TensorFlow Extended (TFX)

This repo comes with notebooks demonstrating how to implement horizontally scalable TFX pipelines. The chicago_taxi_tfx_hopsworks notebook contains all the steps of the pipeline along with visualizations. It is based on the TFX Chicago taxi rides example but uses a smaller slice of the original dataset. The notebook downloads the dataset into Hopsworks and then calls the TFX components to go all the way from data preparation to model analysis.

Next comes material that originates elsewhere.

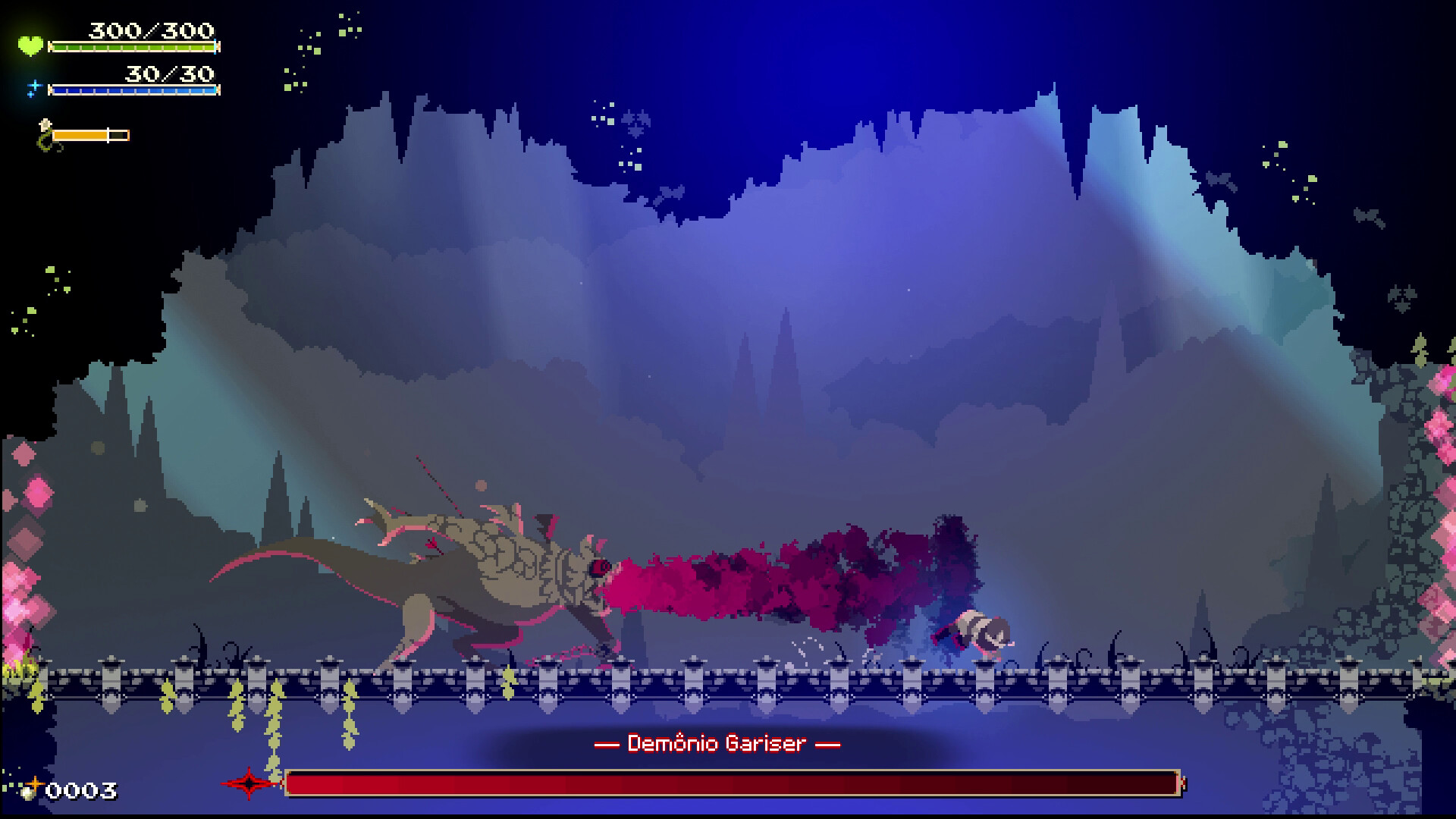 Estou ciente de que muitos jogadores têm familiaridade maior com a história de Kaho, ambientada no passado distante. Por isso estou projetando "Moonlit Farewell" para ser o mais divertido possível mesmo para quem não tem conhecimento prévio das histórias de Momodora 1 a 3. A série sempre esteve focada na ação, de qualquer forma, contendo histórias minimalistas. Então ninguém precisa se preocupar em ter que "se colocar em dia"!

That notebook then is split into smaller ones that correspond to the different steps in the pipeline. These notebooks can be found under the notebookstfx/chicago_taxi/pipeline directory in this repo. To execute these, you need to create one Hopsworks Spark job per notebook and then use the Apache Airflow dag chicago_tfx_airflow_pipeline.py provided in this repo to orchestrate them. Please refer to the Apache Airflow section of the user guide on how to upload manage your dags. There is also a Visualizations notebook that runs the visualizations steps of the pipeline and can be executed at any time, as the output of the pipeline (statistics, schema, etc.) is persisted to the Resources dataset in your project. You can catch a demo of the pipeline here.

Beam

Under notebooks/beam you can find the portability_wordcount_python notebook, which guides you through running a WordCount program in a Python Portable Beam Pipeline. You can download the notebook from this repo, upload it in your Hopsworks project and just run it! Hopsworks transparently manages the entire lifecycle of the notebook and the Beam related services and components.

Hive

HiveJDBCClient.java available in hops-examples-hive } , shows how users can remotely execute Hive queries against their Hopsworks projects' Hive databases. Firstly, it instantiates a Java JDBC client and then connects to the example database described in Hopsworks documentation. Users need to have created the database in their project as described in the documentation. This example uses log4j2 with logs being written to a ./hive/logs directory. For changes made to ./hive/src/main/resources/log4j2.properties to take effect, users must first do

mvn clean package

For HiveJDBCClient.java to be able to connect to the Hopsworks Hive server, users need to create a hive_credentials.properties file based on hive_credentials.properties.example and set proper values for the parameters:

hive_url=jdbc:hive2://[domain]:[port] #default port:9085
dbname=[database_name] #the name of the Dataset in Hopsworks, omitting the ".db" suffix.
truststore_path=[absolute_path_to_truststore]
keystore_path=[absolute_path_to_keystore]
truststore_pw=[truststore_password]
keystore_pw=[keystore_password]

Users can export their project's certificates by navigating to the Settings page in Hopsworks. An email is then sent with the password for the truststore and keystore.